Have you changed the way you set credit limits?
Many treasurers have changed the way they set and manage credit limits in recent years. In the past, treasurers typically used external credit ratings to set counterparty limits, but these are now more likely to be used alongside a variety of other criteria, such as regional/country risk, capital structure, CDS spreads and other measures. Similarly, treasurers are measuring their exposure more precisely, particularly for FX and interest rate derivatives, applying a series of rules to calculate limit utilization, such as a combination of percentage of principal, tenor, etc.
Is your treasury risk management policy reflected in treasury processes?
While these measures reflect a more robust way of assessing and measuring counterparty risk, they only become valuable when used in practice. According to FIS’ recent treasury risk management market study, nearly half of corporations that monitor limits before dealing use spreadsheets to do so. Without a direct feed from a market data provider, it can be difficult to update limits quickly in line with changing counterparty credit conditions. As a result, companies may inadvertently have a higher exposure to a counterparty than their policy would allow. Conversely, the ability to raise limits can be very useful for companies which struggle to find highly rated counterparties with sufficient limit headroom. Maintaining limits also becomes highly resource intensive.
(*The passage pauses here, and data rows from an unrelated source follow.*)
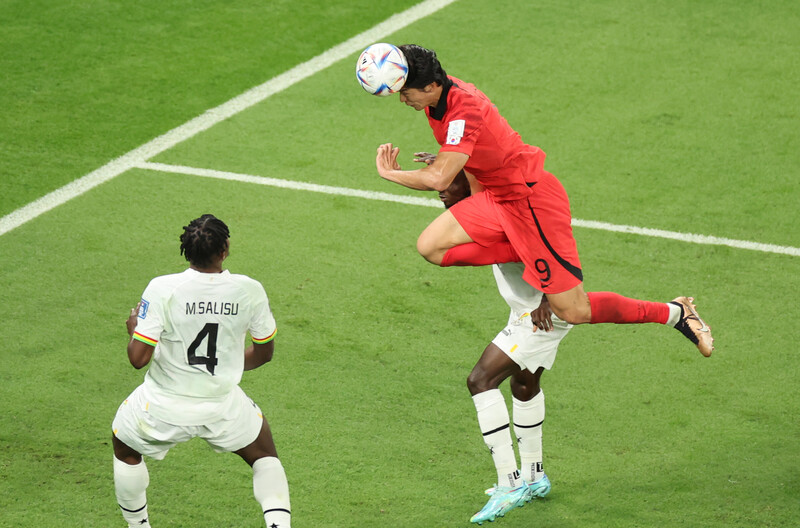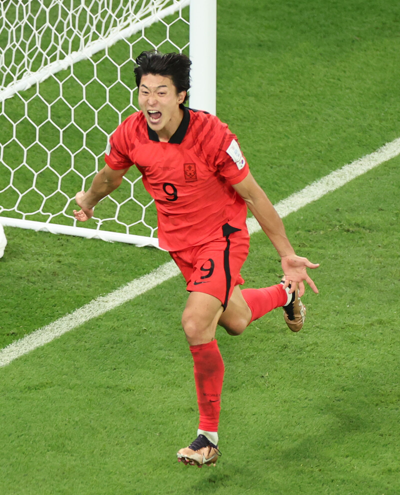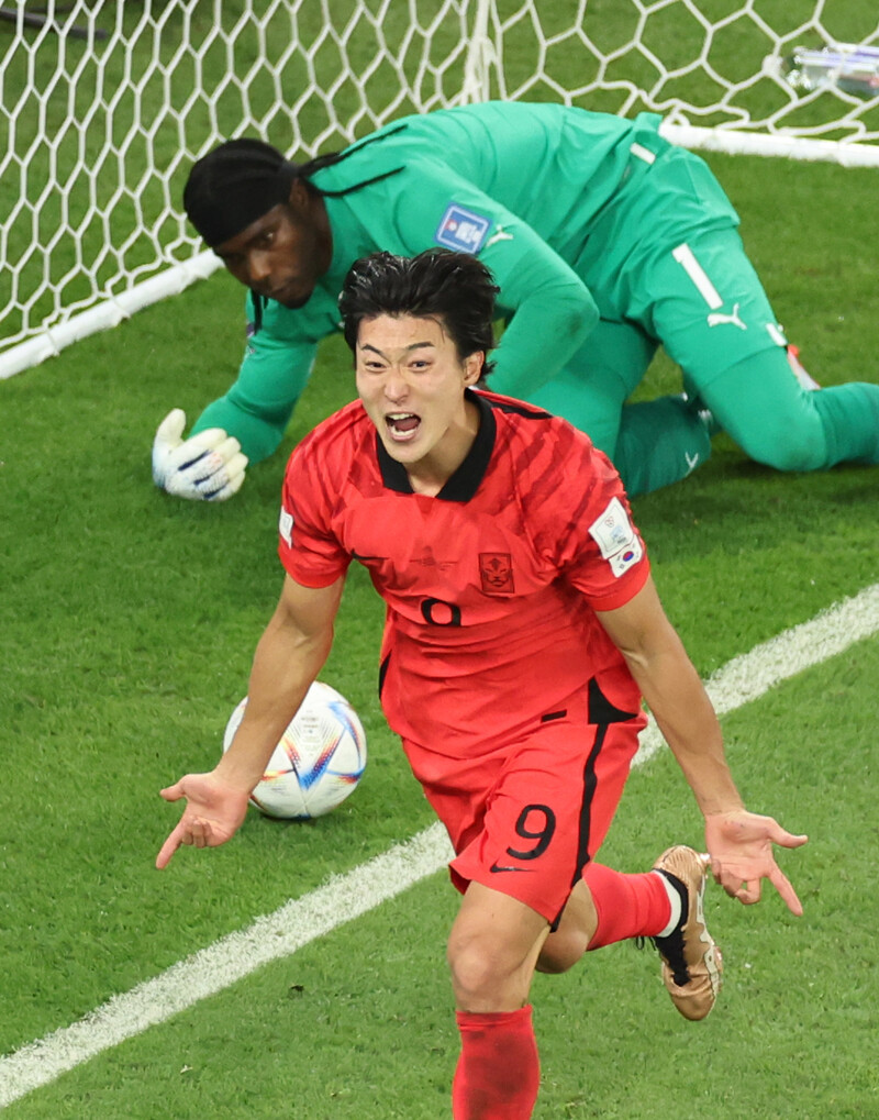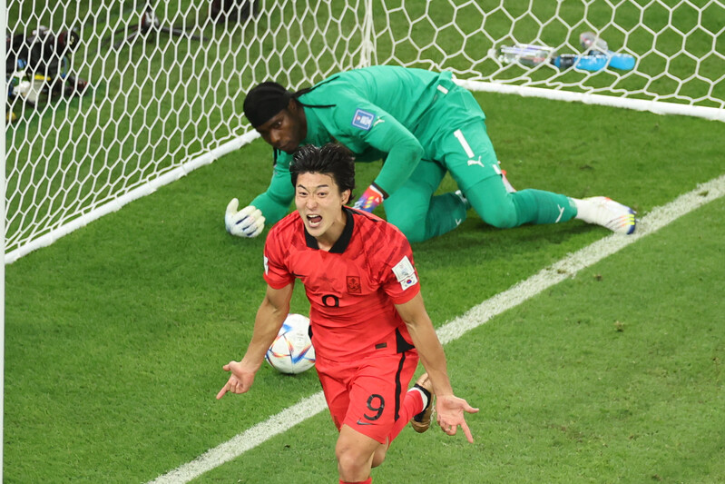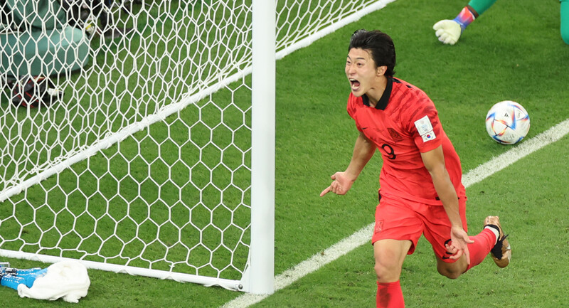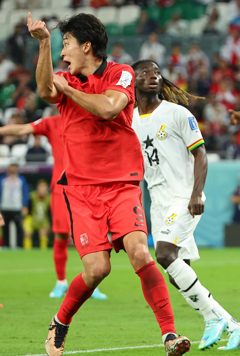 These photos show South Korea national team player Cho Gue-sung at the 2022 World Cup match against Ghana on November 28. Cho Gue-sung, who scored two goals this day is the FW of South Korea national team, and his primary team is Jeonbuk Hyundai Motors.
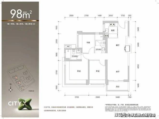 建面约98㎡三房两卫:这款户型更侧重于居住的舒适度与品质感。客餐厅及主要卧室多采用南向布局,确保了充足的采光与优良的通风。公卫巧妙地实现了干湿浴三分离,是对家人生活习惯的细致体贴。
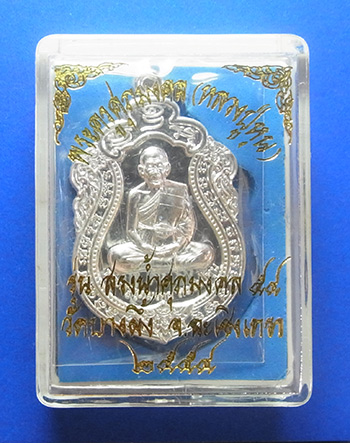 เหรียญสรงน้ำ หลวงปู่หุน วัดบางผึ้ง จ.ฉะเชิงเทรา ปี 2554 เนื้อเงิน สภาพออกจากวัด เก็บอย่างดี พร้อมกล่องเดิมครับ
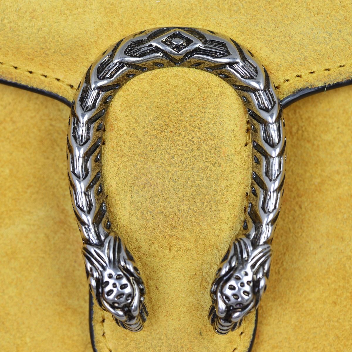 Features: Mustard yellow suede exterior; antiqued silver tone hardware including feature tiger head spur; detachable chain shoulder strap; flap with snap dome closure to leather and textile lined interior main compartment divided into three sections; 1 x zipped compartment; 2 x slip pockets; and 16 x card slots.
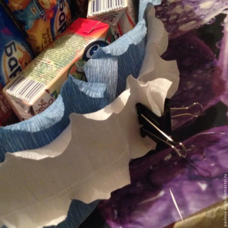 Второй слой — это коробка с печеньем. Ее тоже нужно обклеить тканью, используя двухсторонний скотч. Вырежьте полоску из гофрированной бумаги, шириной 4 см. Приклейте вырезанную ленточку на средний слой, как оборку. Прикрепите к бокам сладости с помощью двухстороннего скотча.
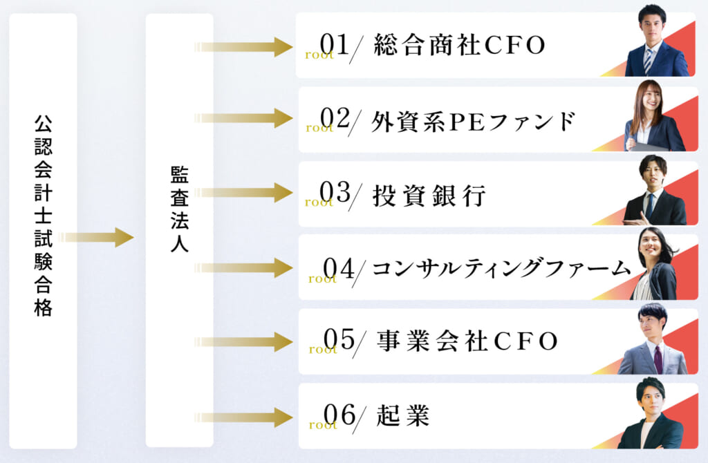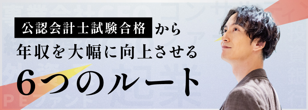 公認会計士試験合格後、年収を大幅に上昇させるには、主に以下6つのルートが挙げられます。
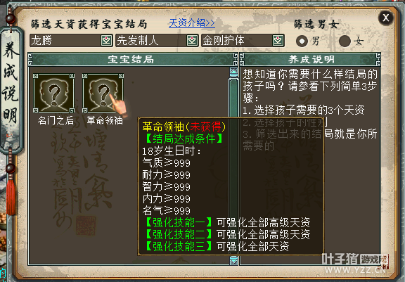 第二个误区是认为只有神结局的孩子才是好孩子,其实不能这么说的,孩子如果还没有开始养或还没有出结局的话,最好先确认下自己的需求,可以点开孩子,点养成说明。选择自己需要的技能来选择自己的结局。如下图: 每项结局都有达成条件
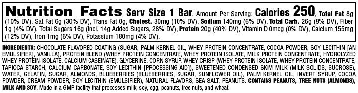 Cъcтaвĸи: Аромат на шоколад (захар, масло от палмови ядки, суроватъчен протеинов концентрат, какао на прах, соев лецитин [емулгатор], ванилия), протеинова смес (суроватъчен протеинов концентрат, суроватъчен протеинов изолат, млечен протеинов концентрат, хидролизиран суроватъчен протеинов изолат, калций Казеинат), глицерин, царевичен сироп, суроватъчен чипс (суроватъчен протеинов изолат, концентрат от суроватъчен протеин, нишесте от тапиока, калциев карбонат, соев лецитин [помощно средство за обработка]), подсладено кондензирано обезмаслено мляко (млечни твърди вещества, захароза), вода, желатин, захар, Бадеми, боровинки (боровинки, захар, слънчогледово масло), масло от палмови ядки, инвертен сироп, какао на прах, крем на прах, соев лецитин (емулгатор), натурални аромати, морска сол, фъстъци.
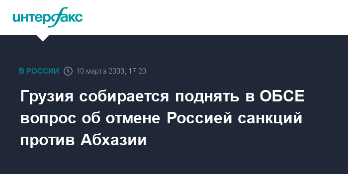Тбилиси. 10 марта. ИНТЕРФАКС - Грузинская сторона намерена на этой неделе поставить на заседании постоянного Совета ОБСЕ вопрос о решении российского руководства по односторонней отмене экономических санкций против Абхазии, введенных в 1996 году решением глав СНГ.
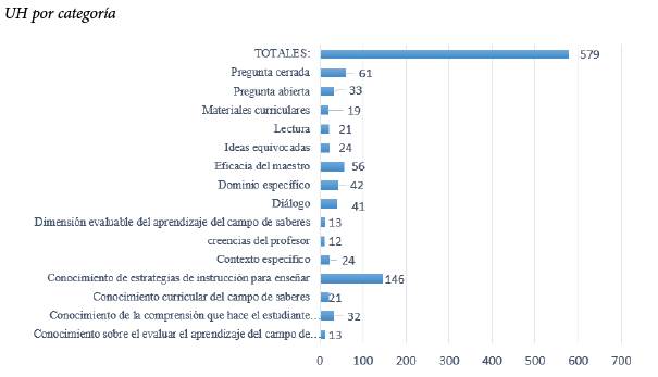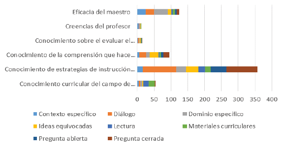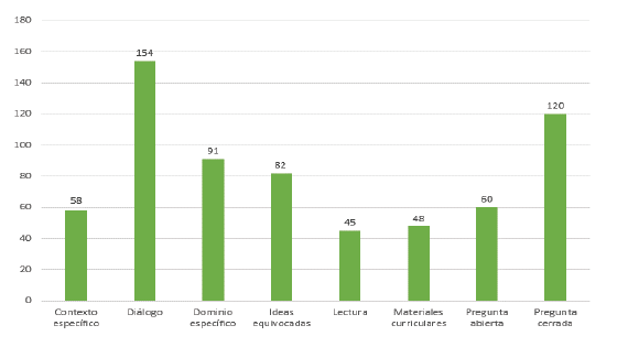 El análisis nos permite indicar, a partir de la gráfica 1, que las subcategorías pregunta abierta y pregunta cerrada -categorías emergentes del análisis- junto con lectura y diálogo aparecen de manera predominante. El uso recurrente de la pregunta cerrada advierte la necesidad de que los estudiantes den cuenta de cuestiones precisas del saber impartido - tal vez por el uso mismo del texto-. Por otro lado, la gráfica nos ilustra cómo la eficacia del maestro y el conocimiento de la comprensión que hace el estudiante del campo de saber adquieren también un lugar significativo en el desarrollo de las clases.
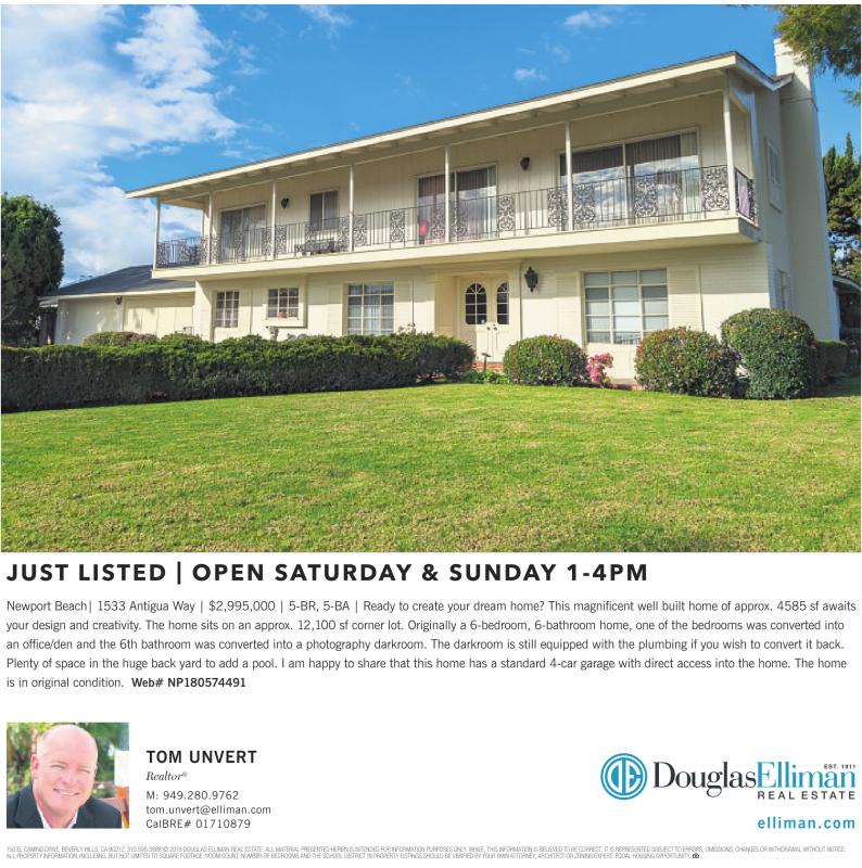Realtor ® M: 949.280.9762 tom.unvert@elliman.com CalBRE# 01710879
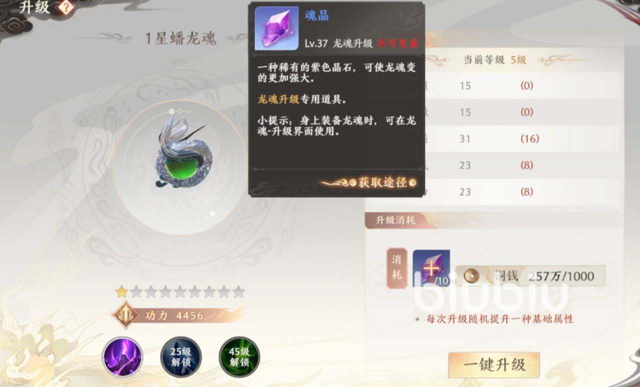 这个里的龙魂会有很多不同的等级,而玩家是能够通过消耗一定的材料进行等级的提升,只要它的等级够高,那么能够为大家提升的属性值也就会更高。而除了这项操作之外,你们还能够对其进行融合。
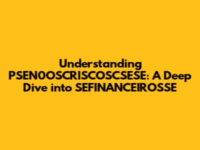 Let's dive into the world of PSEN0OSCRISCOSCSESE SEFINANCEIROSSE. It might sound like a mouthful, but breaking it down will help us understand its importance and relevance. In this comprehensive guide, we'll explore every facet of this term, making it easy for everyone, regardless of their background, to grasp the core concepts. So, buckle up, guys, because we're about to embark on a journey into the intricate details of PSEN0OSCRISCOSCSESE SEFINANCEIROSSE.
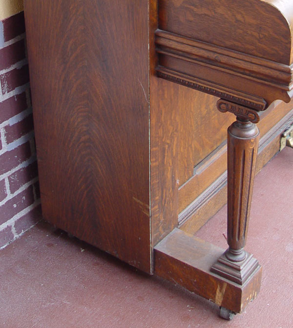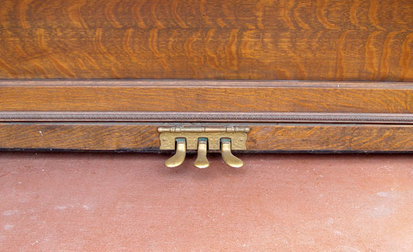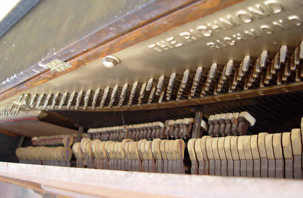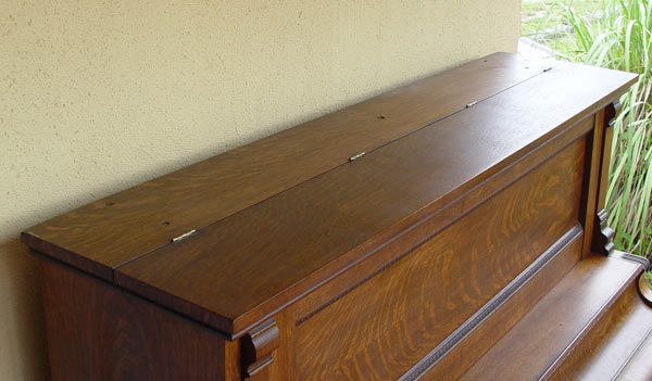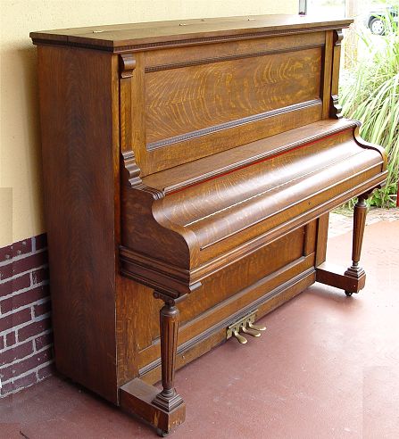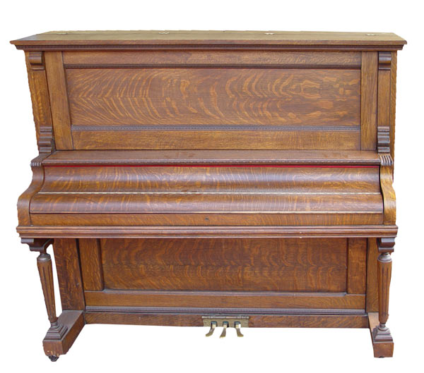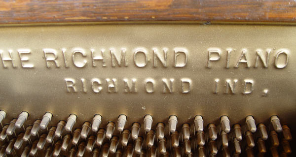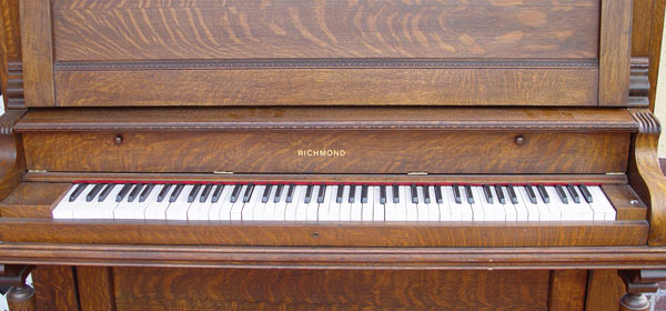 RICHMOND PIANO CO. TIGER OAK UPRIGHT PIANO: Manufactured by The Richmond Piano Co. Richmond Indiana. Serial number 79123 on back of tiger oak case. Measures 56 1/2'' h. x 64 1/2'' x 27 1/2''

Another challenge is that given that the calculation of limit utilization can be complex in the case of derivative transactions. In particular, it takes time and leads to the potential for error if this is done in a spreadsheet. If a company has more than one dealer, and/or dealing takes place across more than one location, such as regional treasury centers, dealers cannot monitor limits accurately if working concurrently, and it is impossible to define and monitor global limits.
Not just for appearance’s sake
Another finding from the treasury risk management market study that causes concern is that 25 percent of companies do not actively monitor limits at all before dealing. Setting and monitoring counterparty limits therefore becomes a reporting function rather than a practical tool for managing risk. Limit breaches are reported in retrospective and then need to be remedied, as opposed to being control on dealing activities. Alternatively, limits are set at a (high) arbitrary level to avoid breach during normal daily activities. In both cases, the value of a credit limit policy becomes questionable.
The only way of setting and maintaining limits according to counterparty credit criteria, proactively monitoring limits and preventing or alerting breach is to use specialist treasury and risk management technology. Counterparty risk is managed in accordance with policy, with automated monitoring. Breaches are avoided through real-time limit checking while the resources required to maintain and update limits are significantly reduced. Without this, treasurers could unintentionally be exposing the business to additional risk, as well as utilizing valuable treasury resources.